…Я назвал бы Григория Борисовича очень яркой личностью, хотя слово «яркий» тут не самое подходящее: насколько я помню, он всегда держался несколько в тени, избегал «кругов», «тусовок», начальства, никогда (Боже упаси!) не пропагандировал себя, всегда был подчеркнуто любезен, блистая остроумием, но и несколько «закрыт»…
Как-то он произнес в отношении себя слово «отъединенность» – это видимо, было для него принципиально. Уйдя как бы в тень, Григорий Борисович не смешивался ни с кем и ни с чем, и так сохранял внутреннюю независимость, цельность. Наверное, именно такие личности ярки по-настоящему.
Я не знал Григория Борисовича в молодости, но по его рассказам, по опубликованным текстам и, главное, по самому его облику, по тому, как он держался, у меня сложилось впечатление, что он всю жизнь хранил верность идеалам своего детства. В этом не было ни доктринерства, ни, тем более, ханжества, – просто Григорий Борисович оставался таким, каким сформировался, видимо, в юные годы: всецело преданным музыке (он бы написал с большой буквы) и вообще искусству, предельно честным и принципиальным, трудолюбивым, жадным до знаний – очень много знающим.
Думаю, ради сохранения этого своего мира, ради его чистоты, Григорий Борисович и уходил в тень, отказываясь от многого, что, возможно, упростило бы существование, но лишило бы жизнь главного, – без чего жить нельзя.
Великий Эмиль Гилельс оставался для него идеалом всегда.
«Кто его не знал, тот вообще ничего не понимает»,
– сказал мне Григорий Борисович однажды. О товарищах давних лет, хотя бы они были уже пожилыми или даже покойными, он рассказывал так, будто прошлое не прошло, называя их «Сашка», «Юрка», «Генка», «Севка»…
Он прожил довольно долгую жизнь, видел множество перемен – знал цену времени (опять-таки, он написал бы это слово с большой буквы), – но сам, неизбежно меняясь, в главном оставался прежним.
Григорий Борисович был прекрасным пианистом.

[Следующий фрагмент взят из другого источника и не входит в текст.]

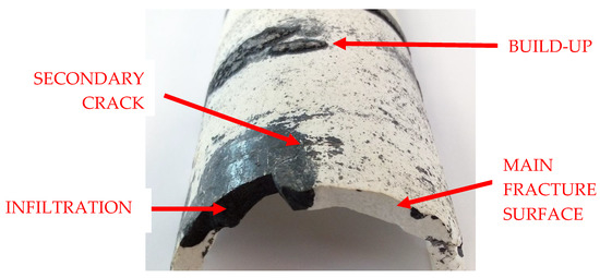 Regarding macroscopic inspection of the fracture surfaces of BR1 and BR2 (Figure 6), both samples looked very similar, indicating that the mechanical damage progress was analogous. In both cases, fractures showed several fatigue crack nucleation sites. The fatigue crack growing pattern left lighter color growing marks, which are interpreted as crack stops during bank-holidays and preventive maintenance furnace stand-by periods. The final ductile collapse of the rollers is displaced from the geometrical section of the roll because of the different loads that the rollers must bear depending on their angular position.

Умным, тонким, пламенным, знающим, мастеровитым. Я не застал его лучшие годы, но слышанный в 2000 году концерт в Волгограде – G-dur’ная соната Шуберта и пьесы Брамса из поздних опусов – дает мне право так сказать.
В его игре «все на месте», как любил говорить он сам: логично, последовательно, прочувствовано и продумано «до основания, до корней, до сердцевины», и надежно отработано. Такое исполнение попросту не могло не быть своеобразным. Думаю, и сохранившиеся любительские записи (например, Соната g-moll Метнера, Вокализ Рахманинова) подтверждают это суждение.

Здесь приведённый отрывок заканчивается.